Pour sa part, l'autorité intimée fait valoir que

l'agrandissement du balcon a été pris en compte dans le calcul du CUS, qui

serait réglementaire. L'autorité intimée se réfère à cet égard au plan n°

100-101 mis à l'enquête publique complémentaire, comprenant un schéma relatif à

la manière dont le calcul du CUS a été effectué.

La constructrice confirme, quant à elle, que

l'agrandissement du balcon a été pris en compte dans le calcul du CUS à

concurrence de 6 m2. Elle expose en outre que le "mur type 2"
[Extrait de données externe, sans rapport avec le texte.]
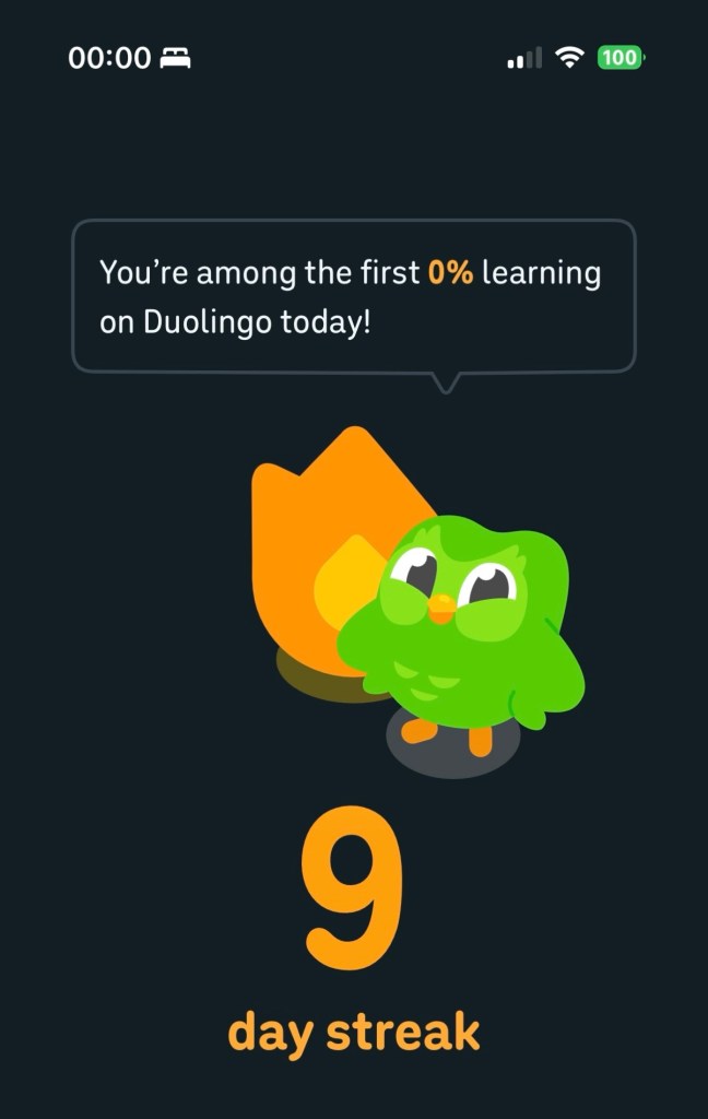 This was when my Duolingo was super proud of me for being among the first 0% learning on Duolingo that day, or because I somehow stayed up until midnight and did my Duolingo then. Duolingo is one of those things that I forget about for three months and then get a three month streak and the cycle continues around and around.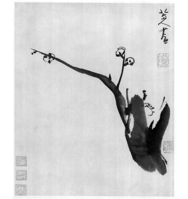 梅花悄悄地开在荒野中,是历尽风霜后的殊枝伤干及稀疏的凋花。八大山人擅长处理单纯简洁的画面,只用寥寥几笔就画出了孤寂凄楚的环境。这是发挥八大山人特长的作品,也是代表17世纪写意画风的典范。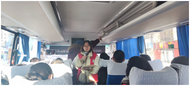 本次活动从云南省图书馆出发,乘车前往西山升庵祠。途中,云南省图书馆历史文献部工作人员向参加活动的读者介绍了徐霞客生平,以及馆藏清嘉庆十三年(1808)水心斋叶廷甲刻本《徐霞客游记》的基本情况,并讲解了如何使用云南古籍数字图书馆在线浏览《徐霞客游记》。

auquel se réfère la recourante est composé d'une partie en béton, d'une

isolation et d'un péridrain, en précisant que ce dernier ne compterait pas dans

la partie habitable, dès lors qu'il est destiné à la protection de l'étanchéité

du mur. Pour le surplus, la conception des murs répondrait aux normes

techniques applicables, ces aspects ne relevant néanmoins pas de la police des

constructions.

Il s'agit ainsi de vérifier si l'agrandissement du

balcon entraîne un dépassement du CUS.

b) Comme on l'a vu, selon l'art. 29 RPGA, le CUS ne

peut excéder 0,4. Aux termes de l'art. 66 RPGA, la surface brute de plancher

utile se compose de la somme de toutes les surfaces d'étages en dessous et en

dessus du sol, y compris les surfaces des murs et des parois dans leur section

horizontale. L'art. 66 RPGA précise en outre que n'entrent pas en considération

dans le calcul du CUS les balcons d'une largeur maximale de 2 m, seule la

surlargeur étant prise en considération.

c) aa) En l'espèce, compte tenu de la surface de la parcelle

de 1'040 m2 et du CUS de 0,4 prescrit par le RPGA, la SBPu autorisée

est de 416 m2.

Selon les plans mis à l'enquête publique complémentaire

(n° 100-101), le projet modifié présente une SBPu totale de 414,66 m2,

laquelle se décompose comme suit: 123,33 m2 pour

le rez

inférieur, 123,33 m2 pour le rez supérieur, 6 m2 pour

l'élargissement du balcon sis au rez supérieur et 162 m2 pour

l'étage. Le projet initial, quant à lui, présentait une SBPu totale légèrement

supérieure selon les plans au dossier (pièce 2 produite par la constructrice),

s'élevant à un total de 415,3 m2 et se décomposant comme suit:

126,65 m2 pour le rez inférieur, 126,65 m2 pour le rez

supérieur et 162 m2 pour l'étage.

Les surfaces prises en considération dans le calcul

de la SBPu ont ainsi été modifiées dans le cadre de l'enquête publique complémentaire;

on constate en effet que les surfaces afférentes aux rez inférieur et supérieur

ont diminué de 6,64 m2 (2 x 3,32 m2) et qu'une surface de

6.

m2 a été ajoutée au rez supérieur, correspondant à

l'agrandissement du balcon. Ni la constructrice, ni l'autorité intimée

n'explique d'où provient la différence précitée de 6,64 m2. Quoi

qu'il en soit, on constate, d'une part, que la SBPu totale annoncée (414.66 m2)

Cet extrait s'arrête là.